I have a weakness for honey-butter - basically roughly mix up honey with cold butter so there’s still lots of little butter chunks. Then spread it straight on crackers or croissant. For that kind of application where the butter flavor is clear and dominant, I pefer a cultured butter vs non-cultured. I think Vermont Creamery used to be my go-to for cultured butter but I recall the flavor profile getting flat so I stopped buying it.

Agree with @tcmx3 on the Kerrygold - I found it a bit plain. Several years back I tried the parmesan milk butter that someone mentioned; I thought it was a gimmick but weirdly some cheese flavor did come through. Not sure how that works since presumably the milk used for the butter has nothing to do with the milk used for cheese.


----------



## KilgoreTrout (Jan 17, 2022)

Plugra is the best that’s readily available imho. Kirkland grass fed is hit or miss. I’ve gotten one batch that had an odd aftertaste.


----------



## J_Wisdom (Jan 17, 2022)

I haven't tried Plugra, but now I will. Thanks.


----------



## Brian Weekley (Jan 17, 2022)

Welcome to Canada! … The home of mediocre butter at outrageous prices.

Witness this absolutely unremarkable brand!

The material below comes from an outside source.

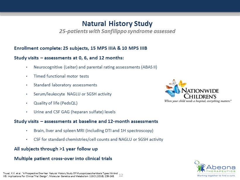 Sanfilippo Syndromes (MPS IIIA and IIIB) Rare lysosomal storage disease affecting children Sanfilippo syndrome (MPS IIIA & IIIB) is an inherited monogenic disorder that causes lysosomal enzyme deficiency • Set of four different disease states, each categorized by a missing or deficient enzyme - MPS IIIA (SGSH) - MPS IIIB (NAGLU) • Results in abnormal accumulation of glycosaminoglycans (GAGs) (sugars) • Aggressive behavior, seizures, loss of speech/vision, inability to sleep • Deterioration is severe, progressive and universally lethal • Death by end of teens – early 20’s No treatment options currently available • Incidence is estimated to be 1 in 70,000 births • Types A and B more common in North America and Europe Two ongoing clinical trials • ABO - 102 ( scAAV - SGSH) for MPS IIIA – low - dose cohort (n=3) completed, high - dose enrollment has commenced • ABO - 101 (AAV - NAGLU) for MPS IIIB – Recruitment anticipated 2Q17 • Conducted at Nationwide Children’s Hospital, Columbus, OH 11

As you can see they are flying off the shelves. Go buy a better brand you say … they don’t exist! It’s illegal to sell imported brands in Canada. Gotta protect those dairy farmers. It wouldn’t be so bad if Canadian dairy farmers actually produced a decent product. They don’t … full stop.


----------



## esoo (Jan 17, 2022)

Brian Weekley said:


> Welcome to Canada! … The home of mediocre butter at outrageous prices.
> 
> Witness this absolutely unremarkable brand!
> 
> ...



Is that what you're paying for store brand at that side of the country? We got some better stuff for less over hear out east.


----------



## Brian Weekley (Jan 17, 2022)

Yup! … Its sad but true. What’s really sad is that those of us who have been raised west of the big smoke have no idea what real butter tastes like, much less artisan butter. On my first trip to NZ my head almost blew up when I buttered my first bun.


----------



## esoo (Jan 17, 2022)

Brian Weekley said:


> Yup! … Its sad but true. What’s really sad is that those of us who have been raised west of the big smoke have no idea what real butter tastes like, much less artisan butter. On my first trip to NZ my head almost blew up when I buttered my first bun.

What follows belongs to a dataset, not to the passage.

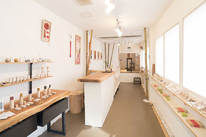 店内のお香はすべてJuttoku.オリジナルの商品。淡路島の職人さんによって、昔ながらの手間暇をかけた方法で作られている。古くは平安時代から慕われてきたお香には、リラックス効果や精神集中の効果が期待できるので、女性はもちろん、最近では男性のお客さんも増えてきているという。店内にはお香づくりの体験コーナーもあり、お香が何から、どうやってできているのかを紹介。心を落ち着かせてくれる時間を過ごせる。お香が初めてという方にも、ひとつひとつ丁寧に教えてくれるので、ぜひ気軽に足を運んでみてほしい。

That really sucks. For that kind of price you're getting to the nicer stuff we can get in Toronto

I've got this in my fridge right now





As well as I'm going through a log of this: Mr. Amish Hand Rolled Butter 2lbs – Mr. Amish


----------



## Brian Weekley (Jan 17, 2022)

In Canada I actually think it’s illegal to ship dairy products from one province to another. Gotta protect those dairy farmers from real competition. Same deal with wine. In BC I can buy NZ or California wine but can’t buy Ontario wine. Gotta protect those wine makers from real competition.


----------



## esoo (Jan 17, 2022)

That Mr Amish will ship to BC, but is is $30, so you gotta buy enough to make it worthwhile. 

And weird as I can go to the LCBO and buy BC wine without a problem. I do know beer had to be brewed in province at one point to help protect companies.


----------



## Brian Weekley (Jan 17, 2022)

My thinking may also be a bit out of date. I know that when the Trump administration made a big deal about free trade, dairy imports from outside Canada were taxed at 285%. As part of the new deal the Canadian Government reduced the tariff but put severe quotas on what could be imported.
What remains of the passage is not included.